=== THE PROBLEM ===
An exact reproduction of the listing is wanted, with the pictures dropped.

=== DATA EXCERPT ===
☆ ☆ ☆

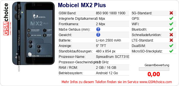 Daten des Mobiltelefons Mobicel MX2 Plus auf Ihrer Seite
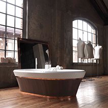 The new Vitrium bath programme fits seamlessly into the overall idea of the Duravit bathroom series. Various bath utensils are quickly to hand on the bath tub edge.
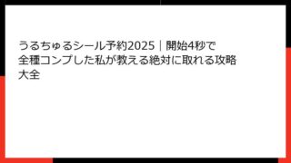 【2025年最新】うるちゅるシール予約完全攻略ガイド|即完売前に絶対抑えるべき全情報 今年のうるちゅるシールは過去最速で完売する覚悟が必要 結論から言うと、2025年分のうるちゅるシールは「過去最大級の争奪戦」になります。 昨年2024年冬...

☆ ☆ ☆

=== RESULT ===
 Daten des Mobiltelefons Mobicel MX2 Plus auf Ihrer Seite
 The new Vitrium bath programme fits seamlessly into the overall idea of the Duravit bathroom series. Various bath utensils are quickly to hand on the bath tub edge.
 【2025年最新】うるちゅるシール予約完全攻略ガイド|即完売前に絶対抑えるべき全情報 今年のうるちゅるシールは過去最速で完売する覚悟が必要 結論から言うと、2025年分のうるちゅるシールは「過去最大級の争奪戦」になります。 昨年2024年冬...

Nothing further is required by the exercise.